The paper "On Layer Normalization in the Transformer Architecture" provides an in-depth analysis of how the placement of layer normalization (LN) impacts the training dynamics of Transformer models. The Transformer, a widely adopted architecture in NLP tasks, typically requires a carefully managed learning rate warm-up stage to stabilize training. This research explores two variants of the Transformer: the commonly used Post-LN Transformer, where layer normalization is applied outside the residual blocks, and the Pre-LN Transformer, where it is applied inside the residual blocks.

Theoretical Insights

The authors utilize mean field theory to demonstrate that in the Post-LN configuration, the gradients of parameters near the output layer are large at initialization. This gradient scaling necessitates a gradual learning rate warm-up to avoid instability during training. Conversely, in the Pre-LN Transformer, the gradients are well-behaved even at initialization, suggesting that the learning rate warm-up stage could potentially be eliminated.

According to the authors' analysis, the gradient norm for the last layer in the Post-LN Transformer is of the order $O(d \ln d)$ , where $d$ is the dimensionality of the hidden representations. For the Pre-LN Transformer, the gradient norm decreases with the depth $L$ , following a $O\left(d (\ln d) / \sqrt{L}\right)$ relationship. This implies that deeper Post-LN Transformers face more severe gradient issues compared to their Pre-LN counterparts.

Empirical Validation

Extensive experiments are conducted across multiple tasks, including IWSLT14 German-English translation, WMT14 English-German translation, and BERT pre-training tasks. For translation tasks, the Pre-LN Transformer without a warm-up stage achieves results comparable to the Post-LN Transformer with warm-up, significantly reducing training time and hyper-parameter tuning complexity.

On the IWSLT14 De-En task, the Pre-LN Transformer reaches a validation BLEU score of around 34 without any warm-up, whereas the Post-LN Transformer requires a warm-up stage to achieve similar performance. In the more computationally intensive WMT14 En-De task, the Pre-LN Transformer also matches the Post-LN Transformer's performance without necessitating extensive warm-up stages. Additionally, experiments with BERT show that the Pre-LN BERT converges faster than the Post-LN BERT on both pre-training and downstream tasks, corroborating the theoretical insights regarding gradient behavior.
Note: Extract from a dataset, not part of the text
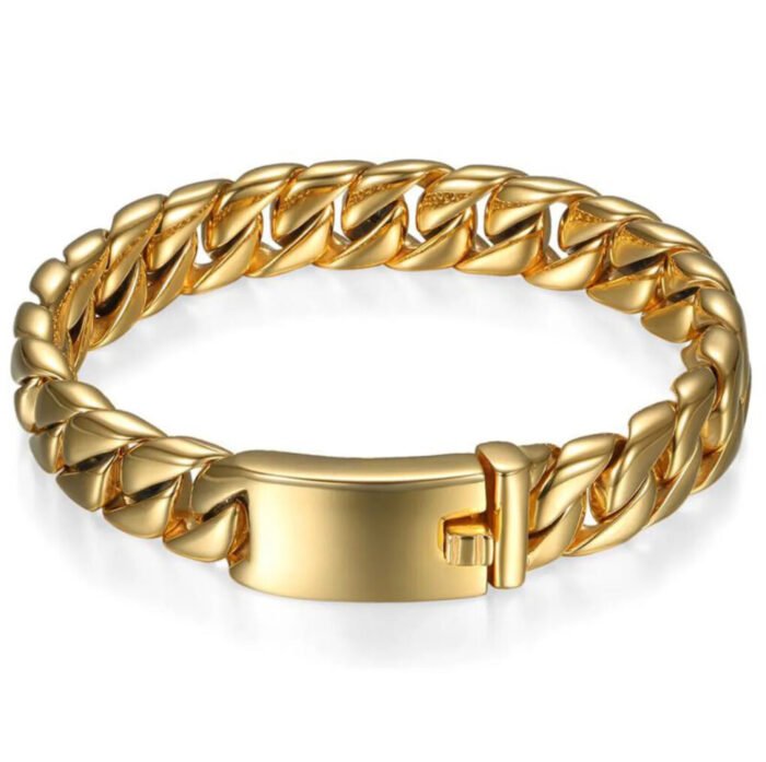Be the first to review “12MM Wide Polished Solid Stainless Steel Link Chain Bracelet Golden” Cancel reply

Implications and Future Directions

These findings have significant implications for the training of large-scale NLP models. Removing the learning rate warm-up stage simplifies the training process, reduces computational overhead, and enables faster convergence. This is particularly valuable for large models like BERT, potentially reducing the cost and time required for state-of-the-art model training.

In a broader context, this research adds to the understanding of optimization in deep learning models and the role of gradient scaling in model stability. Future work could explore alternative normalization strategies or the development of new initialization techniques to further enhance the training efficiency of Transformer models. Additionally, examining the interplay between gradient norms and other recently proposed architectures, such as sparse Transformers, could provide deeper insights into optimizing deep learning models.

Conclusion

This paper underscores the critical role of layer normalization placement in Transformer architectures and its effect on optimization dynamics. By demonstrating that the Pre-LN Transformer can be efficiently trained without a learning rate warm-up, this research offers a practical pathway to more efficient and cost-effective training of large-scale NLP models. Theoretical and empirical evidence presented supports the potential shift towards Pre-LN configurations, fostering a better understanding of gradient behavior in deep learning. Future investigations might further refine these approaches, continuing to enhance model training efficiency and stability.